Iowa State assistant head coach and linebackers coach Tyson Veidt said Spears’ struggles didn’t stem from a lack of effort. In fact, it was the opposite. He was trying to do too much early on.
“He was pressing,” Veidt said. “He put pressure on himself. There were some things he missed here and there.”
The struggles got to Spears at times, so much so that Iowa State linebacker Joel Lanning noticed. Lanning encouraged Spears to calm down and relax. The advice helped boost Spears’ spirit. After struggling at Akron, Spears tallied 14 tackles against Texas. He hasn’t looked back since.
The redshirt sophomore linebacker from Olathe, Neb., has impressed with his growth over the last year, Campbell says.

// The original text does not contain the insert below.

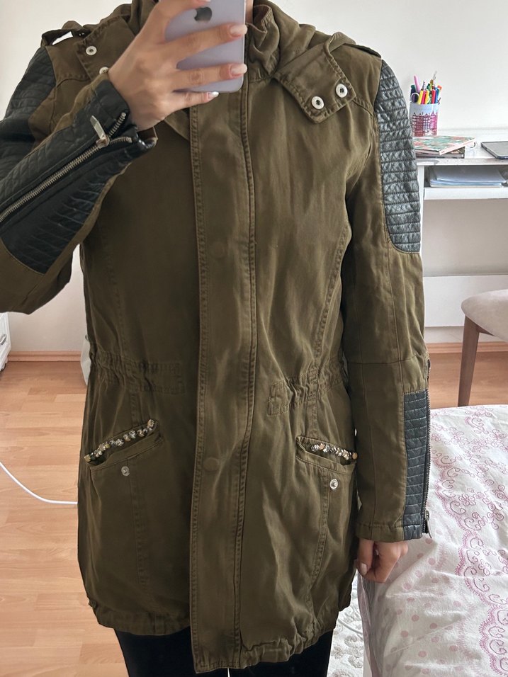 Haki renkte, deri detaylı uzun kollu, düğmeli, cep ve yaka detaylı kadın ceket, rahat kesimiyle sokak stiline uygun. Kol kısmında minik bir açılma var

Randy Peterson / The Register
“He’s figured it out,” Lanning said. “He’s coming to practice every single day, and he’s probably the hardest worker at practice. He goes hard every single time. He’s just continuing to get better.”
Spears’ hard work has been rewarded. He grabbed a fourth-quarter pick-six at Texas Tech that proved to be the final dagger for the Red Raiders. A week later, he ended then-No. 4 TCU’s final drive with an interception to solidify Iowa State’s 14-7 win.
The success earned Spears Big 12 defensive player of the week honors the past two weeks. Spears credits the Akron game for jump-starting his season.
“I just stopped thinking too much, and I’m just making sure that I know that the other 10 dudes out there with me are going to do their jobs and just make sure I do my job,” Spears said.
“That seems like about 10 years ago,” said Iowa State defensive coordinator and safeties coach Jon Heacock said of the Akron game.
No matter how much Spears struggled, he wasn’t going to let the troubles overwhelm him. One way or another, he said he was bound to figure things out.
“It’s just the way I am; it’s just the way I was brought up,” Spears said. “I don’t care what anybody else says. You can’t tell me I’m not going to do something.”